The results highly depend on how well trained it is on sample images. You need thousands and thousands of images to properly train it.
If it has enough of the exact category you are looking for, you should get pretty accurate results, but you need a lot of samples that are not the category as well or it will think everything is the category you are looking for.
You are using a pre-built model. But if you want to look for things they don't cover you can make your own model with your own sample images.

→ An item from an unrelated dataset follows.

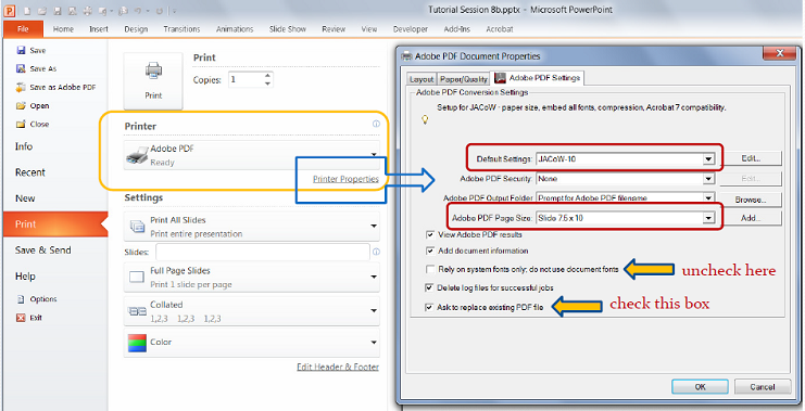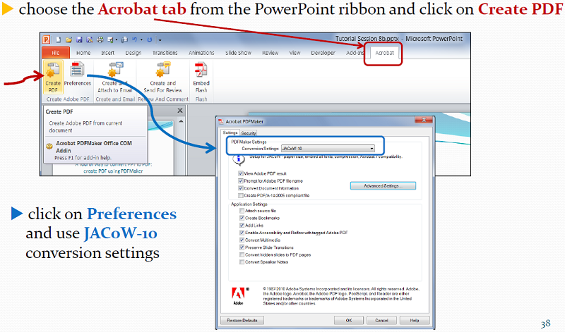 Note: All PDF's must have a define name Paper_ID_TALK.PDF, for example "MOXA40_TALK.PDF". Print to Adobe PDFTo produce a PDF this way, follow the normal process of printing.
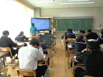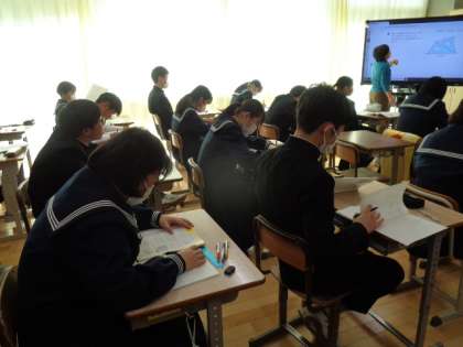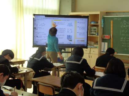 3年生の数学の授業は、図形問題への取組。教科書の練習問題に取り組んでいました。

Even then though, a lot of the times you start with their trained data and retrain it for more specific cases you will be looking for and this is where you save a ton of time and get really good results.
For example, the data set you are using has a lot of cats, dogs, animals, vehicles and some things in the real world. Let's say you want to change it to detect GPUs based on pictures. You can take the existing trained model and remove the last few layers that branch out to the categories and do additional
transfer learningfrom there, this will allow you to make new categories and add to what it knows already.Would be a good learning experience to train that model to look for categories, not in the original data set. For example, detecting the difference between FedEX and UPS trucks. The model is already trained well in detecting trucks. So it would be fairly easy to get it to detect specific company trucks.
But whatever you do, make sure you use notebooks, it will make your life sooo much easier
I'm thinking of building a a trained model to classify and tag images from construction projects that I'm involved in. Would save me hours and hours and hours of time in writing photo descriptions, as well as trying to find images later on to remember what happened when.